Отпустив её, Свидригайлов «тихо провел ладонью по лбу. Странная улыбка искривила его лицо, жалкая, печальная, слабая улыбка, улыбка отчаяния»[17]. Он снова остался один на один с отвратительной необходимостью своими руками рассчитаться с адом опустевшей жизни. Во всей этой сцене, в последней приведённой нами цитате, в тех эмоционально окрашенных эпитетах, которыми Достоевский определяет улыбку Свидригайлова, сквозит несомненное сочувствие к персонажу. Это вовсе не «влюблённость», а жалость и сострадание.

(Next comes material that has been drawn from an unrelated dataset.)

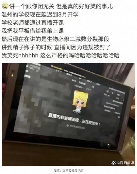 一位妇产科护理学专业的老师在QQ群里反映因涉黄被封;温州一位生物课老师在讲减数分裂时提到“精子卵子”,直播间因违规被封;@讲历史的王老师 在微博提醒教师朋友,政治课、历史课、语文课的一些内容,在讲课时需要谨慎一些。。。。。。

Ибо в жалости и сострадании Достоевский не отказывал никому.
Удивительное, поистине гениальное объяснение колебаний Свидригайлова автор скрывает от нас, но даёт нам всё же понять логику его поведения. Свидригайлов не боится смерти, он почти призывает её, но не в его характере самолично выполнить эту «чёрную работу». Он сам себя назвал «белоручкой»: подобно Обломову, он гордится тем, что ничего не умеет делать. Шулером он был когда-то, но это всё. Свидригайлову хотелось в этот страшный миг, чтобы Дуня застрелила его. В это же время ему было тяжело познать эту меру отвращения Дуни к нему, и у него отлегло от сердца, когда она бросила револьвер: «…может быть, не одна тягость смертного страха; да вряд ли он и ощущал его в эту минуту. Это было избавление от другого более скорбного и мрачного чувства, которого бы он и сам не мог во всей силе определить».[18] Не смогла в него выстрелить – значит, считает всё же человеком! Вот его последнее утешение.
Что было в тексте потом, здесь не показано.